Daif Emad T
Faculty of Oral & Dental Medicine, Cairo University, Cairo, Egypt.
Oral Surg Oral Med Oral Pathol Oral Radiol Endod. 2010 Jan;109(1):31-6. doi: 10.1016/j.tripleo.2009.08.002.
Many different surgical and nonsurgical techniques have been used to treat patients with chronic recurrent temporomandibular joint (TMJ) dislocation. The nonsurgical techniques consist of injecting different substances into the TMJ area. This study was carried out to assess autologous blood injection to the TMJ for treatment of chronic recurrent TMJ dislocation.

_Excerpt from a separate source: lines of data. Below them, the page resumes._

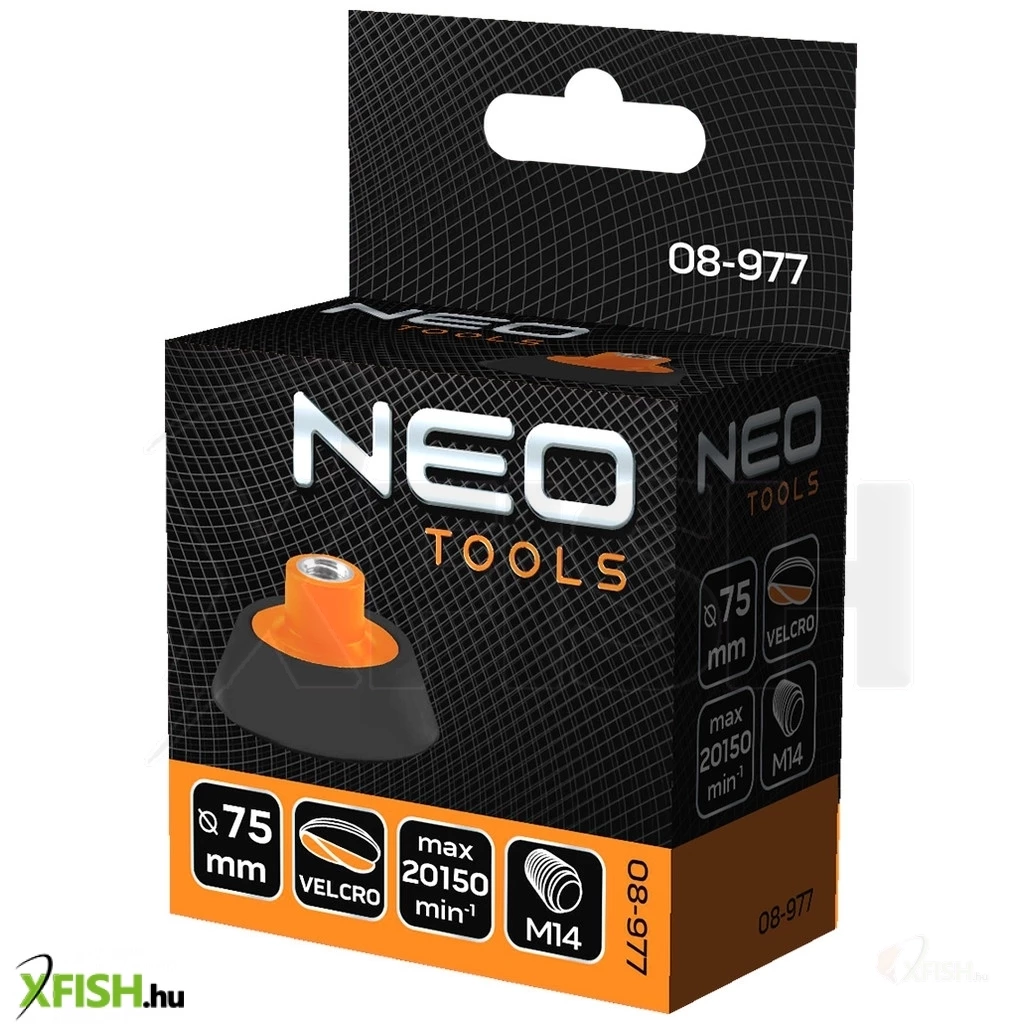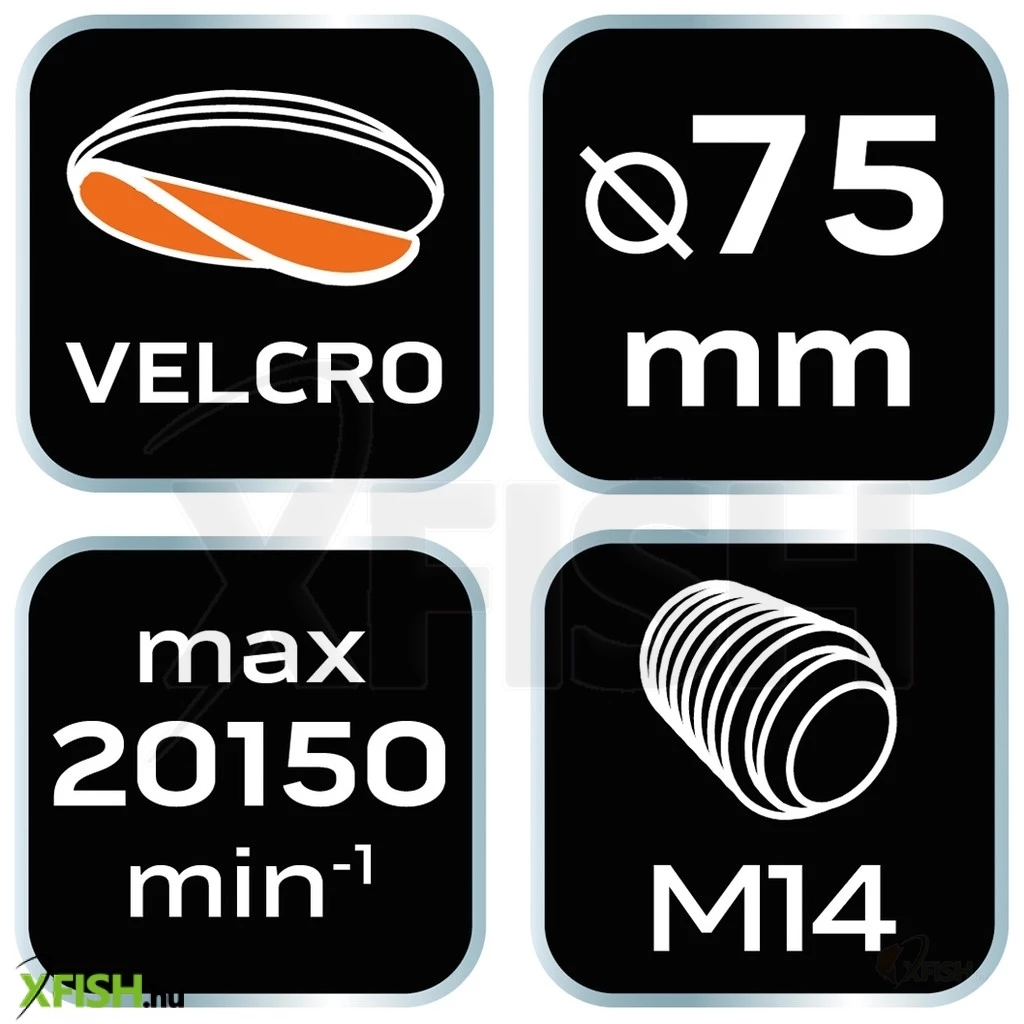 A Neotools felfogató tárcsa különösen hasznos azok számára, akik maximális hatékonysággal szeretnének dolgozni, hiszen akár 20150 fordulat/perc sebességgel is képes működni. A M14 mentes rögzítésű rendszerével a stabilitás és biztonság garantált, míg a tépőzáras rögzítés gyors és egyszerű cserét tesz lehetővé a polírpárnák között. Kompatibilis a NEO TOOLS 80 x 25 mm-es sorozatú polírpárnáival, beleértve a 08-974 és 08-976 cikkszámú modelleket is, amelyek tökéletesen illeszkednek a tárcsa 75 mm-es rögzítési átmérőjéhez.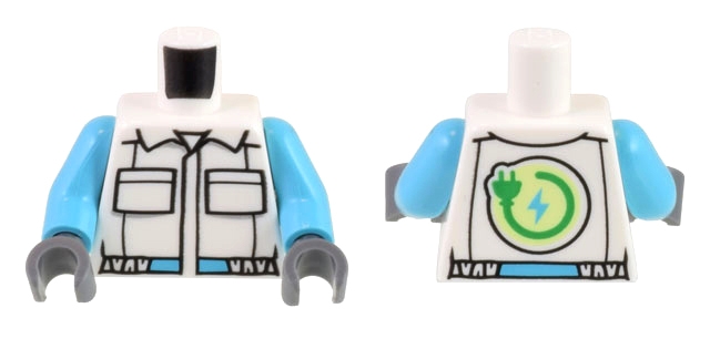Torso Jumpsuit with 2 Pockets, Collar, Black and Medium Azure Belt, Bright Green Electric Power Plug Symbol Pattern / Medium Azure Arms / Dark Bluish Gray Hands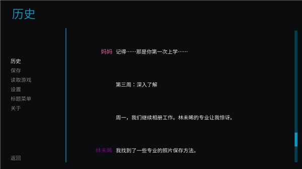 7、点击历史,这里可以查看前面的剧情内容。

Thirty patients having chronic recurrent TMJ dislocation were randomly divided into 2 equal groups (15 patients in each). Group A was treated only by autologous blood injection into the superior joint space (SJS), whereas group B received autologous blood injections to the SJS and the pericapsular tissues (PT).

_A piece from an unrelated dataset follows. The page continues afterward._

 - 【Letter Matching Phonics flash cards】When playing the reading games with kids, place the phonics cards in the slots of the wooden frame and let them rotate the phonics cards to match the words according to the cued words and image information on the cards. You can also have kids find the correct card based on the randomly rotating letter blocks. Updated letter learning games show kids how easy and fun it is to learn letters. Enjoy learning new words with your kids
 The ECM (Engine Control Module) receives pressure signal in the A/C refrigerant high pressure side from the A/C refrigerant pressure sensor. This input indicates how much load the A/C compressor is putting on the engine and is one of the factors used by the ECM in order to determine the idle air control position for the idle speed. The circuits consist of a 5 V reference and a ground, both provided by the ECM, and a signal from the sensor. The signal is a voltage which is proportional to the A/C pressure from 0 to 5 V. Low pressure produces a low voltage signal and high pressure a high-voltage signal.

At the end of the follow-up period of 1 year, the results of the current study have showed that injection of autologous blood to the SJS and PT gave a higher success rate (80%) than its injection only into the SJS (60%). Moreover, the patients of group B had an average decrease in their maximal mouth opening (5.3 +/- 2.1) higher than that of group A (3.6 +/- 1.5). Also, the digital radiographic imaging of the joints in group B only showed the condylar head posterior to the articular eminence, in open position, instead of being anterior to it before the injection. In both groups, no destructive changes to the bony components of the joint have been observed.

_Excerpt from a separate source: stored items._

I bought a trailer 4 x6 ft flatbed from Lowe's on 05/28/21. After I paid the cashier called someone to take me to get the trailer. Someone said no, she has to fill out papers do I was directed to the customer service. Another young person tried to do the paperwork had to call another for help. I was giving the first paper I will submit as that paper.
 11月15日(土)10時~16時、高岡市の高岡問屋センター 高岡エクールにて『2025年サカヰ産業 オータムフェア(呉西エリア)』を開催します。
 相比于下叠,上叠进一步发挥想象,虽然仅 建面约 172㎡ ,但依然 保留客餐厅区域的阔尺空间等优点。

We could conclude from this study that the injection of autologous blood into the TMJ in patients with chronic recurrent dislocation is a simple, safe and cost-effective technique. So, we encourage injection of autologous blood to the SJS and PT for treatment of patients with chronic recurrent TMJ dislocation, as it has shown better clinical and radiographic results than its injection only to the SJS.
许多不同的手术和非手术技术已被用于治疗慢性复发性颞下颌关节(TMJ)脱位患者。非手术技术包括向TMJ区域注射不同物质。本研究旨在评估自体血注射到TMJ用于治疗慢性复发性TMJ脱位的效果。
30例慢性复发性TMJ脱位患者被随机分为2组,每组15例。A组仅通过向上关节腔(SJS)注射自体血进行治疗,而B组则向SJS和关节囊周围组织(PT)注射自体血。
在1年的随访期结束时,本研究结果表明,向SJS和PT注射自体血的成功率(80%)高于仅向SJS注射(60%)。此外,B组患者的最大开口度平均下降(5.3±2.1)高于A组(3.6±1.5)。而且,仅B组关节的数字化放射成像显示,在开口位时髁突位于关节结节后方,而注射前位于其前方。两组均未观察到关节骨成分的破坏性改变。
我们可以从本研究得出结论,向慢性复发性脱位患者的TMJ注射自体血是一种简单、安全且经济有效的技术。因此,我们鼓励向SJS和PT注射自体血来治疗慢性复发性TMJ脱位患者,因为它已显示出比仅向SJS注射更好的临床和影像学结果。